REQUIREMENT: Once you reach the line containing "చెన్నూర్ రూరల్: బలిజవాడలో" in the data below, restate each line word for word up to and including the one containing "Павел I Петрович (1754-1801)".

DATASET RECORDS:
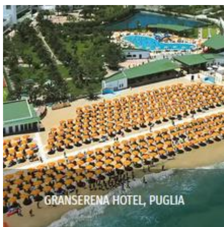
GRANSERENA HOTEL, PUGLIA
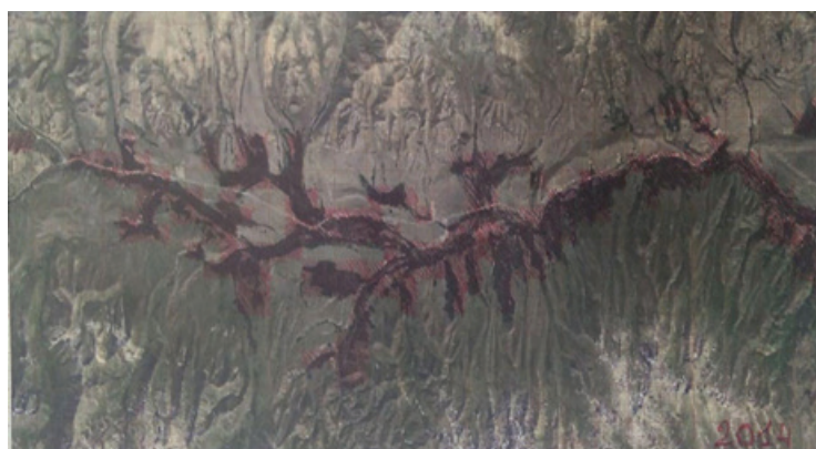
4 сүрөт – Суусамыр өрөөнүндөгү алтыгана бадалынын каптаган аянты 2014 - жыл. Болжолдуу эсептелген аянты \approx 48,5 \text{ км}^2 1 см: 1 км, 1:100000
* * *
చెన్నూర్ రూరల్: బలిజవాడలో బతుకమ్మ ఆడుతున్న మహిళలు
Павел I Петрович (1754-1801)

SOLUTION FOR THIS PROBLEM:
చెన్నూర్ రూరల్: బలిజవాడలో బతుకమ్మ ఆడుతున్న మహిళలు
Павел I Петрович (1754-1801)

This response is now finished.